I did take about a 40-50 mile drive all on the interstate that saturday morning, but since it was all interstate I don't think heat would've been an issue. And the one on the other side seems fine so far. But heat might have been a factor, I noticed the stock housings are a grey instead of black.. Do you think that's because black attracts too much heat??


----------



## ECOsleeper (Apr 3, 2011)

70AARCUDA said:


> Q: aren't "side-marker" lamps supposed to be *yellow* or *amber* colored, not white?


The consensus seems to be that people are using amber led bulbs with these. But it wouldn't be the first or last time someone breaks a rule.


----------



## Klearz (Mar 20, 2011)

SBK15 said:


> Klearz: I had to put in the stock orange oem marker light back in it's place, so i'm running one clear and one orange, lol


 I've checked into my housings I have here,.. and the tabs are all very solid on them. I'm pretty sure I know the problem with yours. I was really rushing to get everything made assembled and shipped before I left. I cranked your set out literally,.. hours before I left,.. and I don't think I gave the housings enough time to cure under the conditions they needed before I assembled and shipped. Anyway,.. the new set is in the mail,.. should have them in about a week. Sorry for the mismatched front end for the time being. Just make sure you only let people look at the passenger side for now


----------



## Klearz (Mar 20, 2011)

Is it okay with you folks who have posted pics of the lenses and your cars,... if I use some of them on my website and possibly ebay auctions?


----------



## robertbick (Jan 1, 2011)

70AARCUDA said:


> Q: aren't "side-marker" lamps supposed to be *yellow* or *amber* colored, not white?

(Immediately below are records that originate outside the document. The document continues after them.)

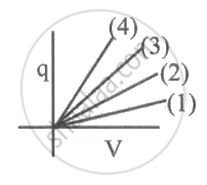 Figure shows plot of charge versus potential difference for four parallel plate capacitors, which have same plate area, dielectric medium but different distance between the plates. Which one of them have smallest plate distance?
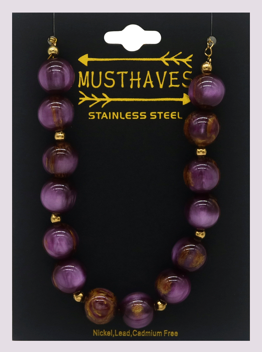 B-A22.3 B1144-004-3 S. Steel Bracelet Acrylic Beads Purple
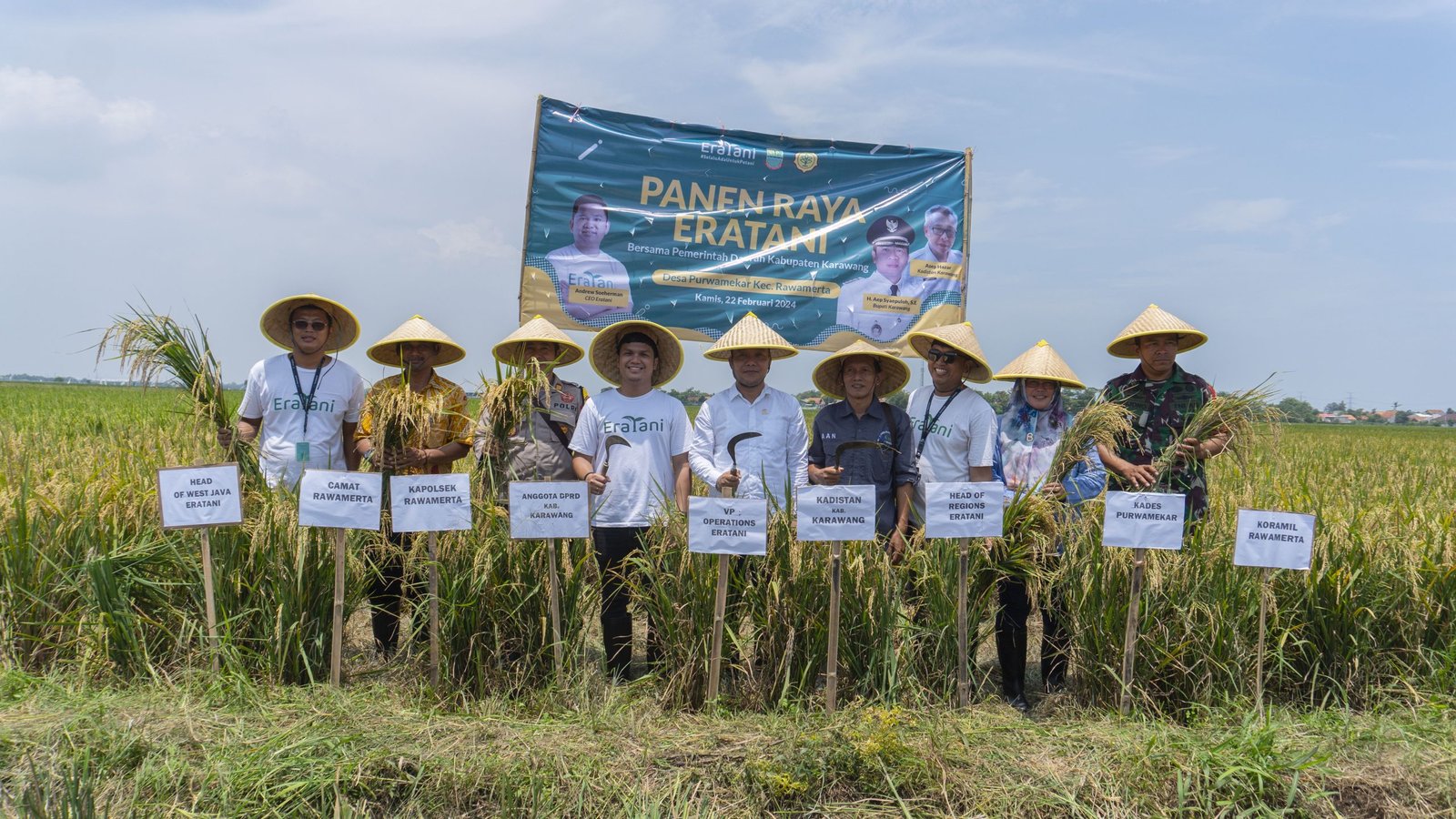 PT Eratani Teknologi Nusantara, perusahaan agritech yang memberikan pendampingan pertanian di Indonesia, menyelenggarakan kegiatan panen raya Petani Binaan Eratani di Kecamatan Rawamerta, Kabupaten Karawang, Jawa Barat, pada hari Kamis, 22 Februari 2024. Acara tersebut dihadiri oleh berbagai tokoh penting, termasuk Kepala Dinas Pertanian Kabupaten Karawang, Camat Kecamatan Rawamerta, Kapolsek, dan Koramil Kecamatan Rawamerta, serta Kepala Desa Purwamekar.

When I swaped out my amber lenses, with the smoked ones, I also replaced the clear bulbs with amber ones. I did not get the LEDs.


----------



## RS LTZ (Jan 5, 2011)

I think legally they are supposed to reflect orange just like taillights are supposed to reflect red. But most officers won't care as long as it's amber or white. They will get on you without a doubt if their anything other than amber/white though.


----------



## Diretoy (Feb 4, 2011)

Klearz said:


> Is it okay with you folks who have posted pics of the lenses and your cars,... if I use some of them on my website and possibly ebay auctions?


Use any of mine that you like.


----------



## Klearz (Mar 20, 2011)

Diretoy said:


> Use any of mine that you like.


Thanks alot, I appreciate it. Great shots by the way,.. sharp car.

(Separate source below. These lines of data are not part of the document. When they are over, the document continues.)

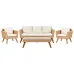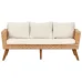 Enjoy the ultimate conversation spot for long afternoons and relaxing evenings in your garden or patio with this modern set. Accommodating up to five guests, the three seater sofa and a pair of chairs feature light rattan, retro inspired wooden legs and soft, off-white cushions. The high-quality weather-resistant materials of this set ensure perfect maintenance of its original condition, while the trendy design infuses a modern accent that instantly upgrades the look of any outdoor living space.
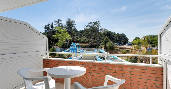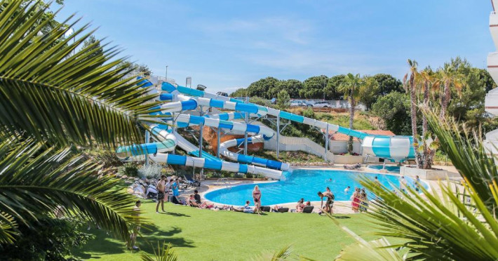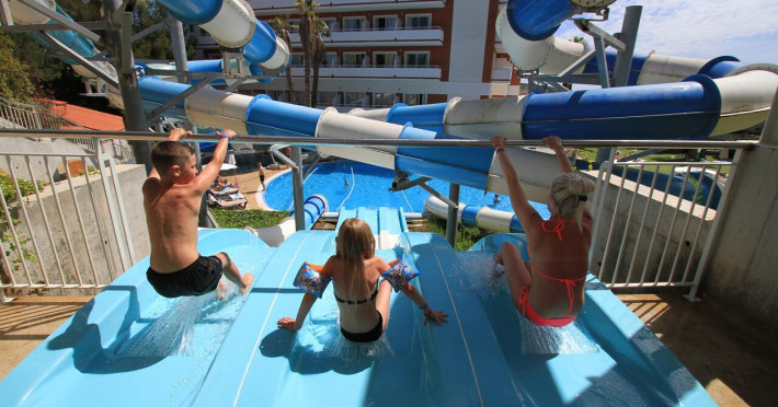 Copiii se pot distra la piscina special amenajată, prevăzută cu tobogane cu apă.
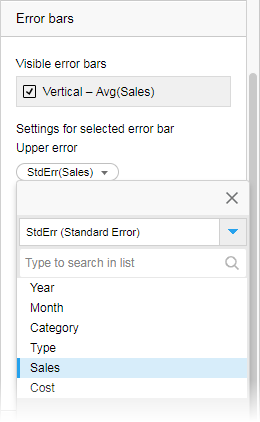 Au lieu d'utiliser une méthode d'agrégation prédéfinie, vous pouvez spécifier la longueur des barres d'erreur en écrivant votre propre expression. Ceci est un exemple d'utilisation d'une expression personnalisée.
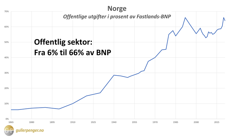 De store vinnerne i inflasjonspolitikken er staten og de superrike. I Norge har offentlig sektor vokst fra å bruke 6% av BNP i 1900 til 66% i 2020. Dette er ikke bærekraftig. Det er økonomisk katastrofe og en trussel mot demokratiet.
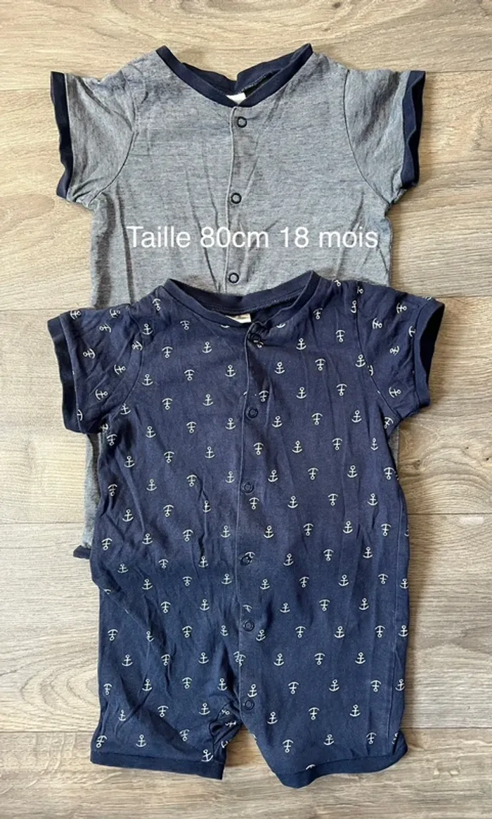 2 Pyjamas en jersey souple coton . Modèle avec manches et jambes courtes. Fermeture pressionnée devant et le long d'une jambe. Taille 80cm / 18 mois Marque H&M Très bon état 👍 Catégorie : #alexiap30taille18mois
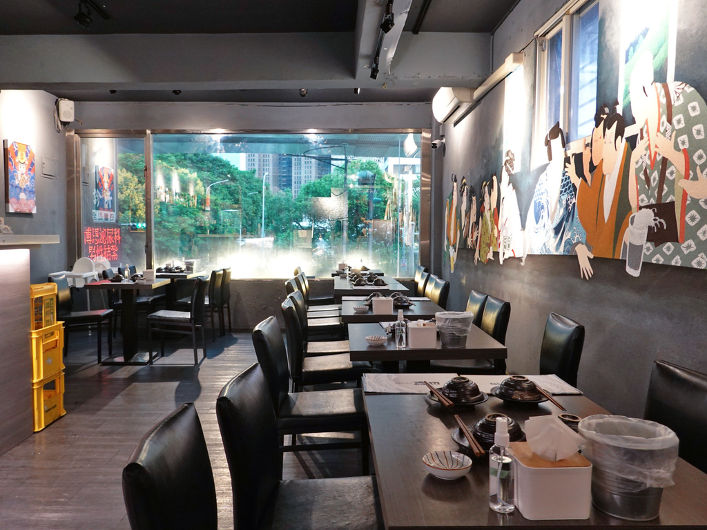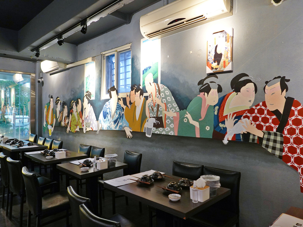 走上二樓,則是較為常見的居酒屋桌型座位,而牆上則是十分醒目的整面浮世繪畫作。

With regards to the legal color up front,.. yes in my experience... I've never had problems with cops with regards to the front side markers. I actually ran plain white bulbs in the front of my Eclipse for 8+ years here in Quebec, ( cops LOVE to pull you over here ) and never had any problem. Like someone else said,.. they really only get on you if you are running blue, red,.. or other colors up there. Those colors in the front are reserved for emergency vehicles.


----------



## kkilburn (Mar 1, 2011)

Yep, you can use mine as well.


----------



## Klearz (Mar 20, 2011)

kkilburn said:


> Yep, you can use mine as well.


Thanks


----------



## SBK15 (Mar 29, 2011)

Klearz said:


> I've checked into my housings I have here,.. and the tabs are all very solid on them. I'm pretty sure I know the problem with yours. I was really rushing to get everything made assembled and shipped before I left. I cranked your set out literally,.. hours before I left,.. and I don't think I gave the housings enough time to cure under the conditions they needed before I assembled and shipped. Anyway,.. the new set is in the mail,.. should have them in about a week. Sorry for the mismatched front end for the time being. Just make sure you only let people look at the passenger side for now


Thank you so much Klearz! I appreciate it a lot!

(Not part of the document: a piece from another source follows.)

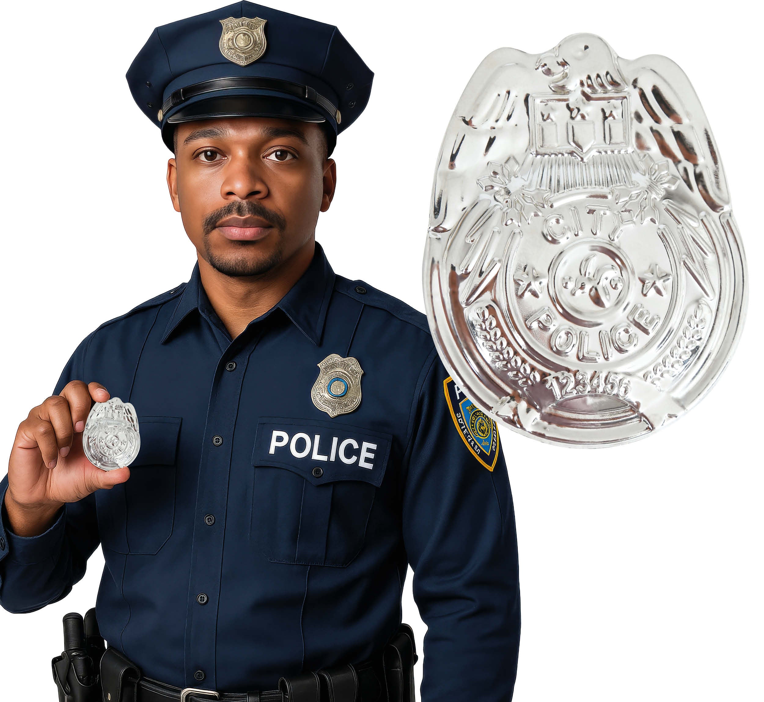 Deze zilverkleurige politiebadge is een leuke en herkenbare accessoire voor verkleedpartijen, carnaval of themafeesten. Door het compacte formaat en het klassieke ontwerp is de badge eenvoudig te combineren met diverse politie-outfits.
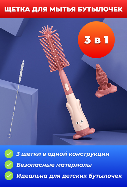 Многофункциональный набор щеток для мытья детских бутылочек, сосок, трубочек, поильников - главный помощник для каждой мамочки. В наборе 3 многоразовые щётки: для мытья бутылок, для мытья сосок, ершик для трубочек. Силиконовые щетки для мытья детской посуды удобны в использовании, эффективно чистят детскую посуду от смесей и соски в самых труднодоступных местах, не царапая их. Ершик для посуды можно использовать для мытья бокалов, термосов, узких ёмкостей, баночек для кормления. Моющая щетка подойдет для мытья посуды любой формы и с легкостью вычистит соску. Набор аксессуаров и ершиков для сосок, для бутылочек, для детской посуды термоустойчив, можно стерилизовать. Щетка с насадками для мытья поильников легко отмоет дно и стенки бутылочки. Гипоаллергенный материал не навредит здоровью. Подходящее решение для сохранения гигиены. Набор удобно и компактно хранить в подставке. Принадлежности для мытья детской посуды - практичный, долговечный набор, в отличие от обычных щеток, губок. Полезный подарок для молодой семьи, мамы, папы, будущих родителей и их новорожденных малышей.

And you may use any of my pictures if you like! For a 500 dollar charge! Just Kidding you can use them free lol.


----------



## EEVLWYS (Apr 8, 2011)

70AARCUDA said:


> Q: aren't "side-marker" lamps supposed to be *yellow* or *amber* colored, not white?





ECOsleeper said:


> The consensus seems to be that people are using amber led bulbs with these. But it wouldn't be the first or last time someone breaks a rule.


Yes side-markers are suppose to be yellow or amber....California cops are real picky. You guys be careful. They look nice , but probably illegal in alot of states.

Sleeper, even if you change the bulb.....they need to reflect orange / amber in the daytime. You guys should be ok, but be extra careful especially with the cops on bikes that roll up in between cars at signal lights....these guys spot everything.


----------



## SBK15 (Mar 29, 2011)

Here in Tennessee Cops only care if the bulb color is blue or red, so many cars have tinted headlights and taillights and cops don't care about that. I'm sure by law the side markers have to refelct red or orange, but I doubt any cops pay attention to that or keep that in their mind everytime they pull someone over


----------



## 98sonoma (Nov 30, 2010)

Use mine if you want...And thanks again for a great product!


----------



## Klearz (Mar 20, 2011)

SBK15 said:


> Thank you so much Klearz! I appreciate it a lot!
> 
> And you may use any of my pictures if you like! For a 500 dollar charge! Just Kidding you can use them free lol.


 Lol smart arse!!! I got in touch with the manufacturer of my casting materiels, and the problem with that retaining clip was DEFINITLY because I rushed the last 2 or 3 orders out the door too quickly before leaving for vacation. I didn't give the housings the curing time they needed in the casting equipment. 

Just a heads up to you and people waiting on orders, I delayed the shipments a little until I knew for SURE what the problem was as I didn't want to have the same thing happen again. They are all going out now, and there should be no more problems. I modded my molds as well to increase the thickness of the clip for even more strength as an overkill measure.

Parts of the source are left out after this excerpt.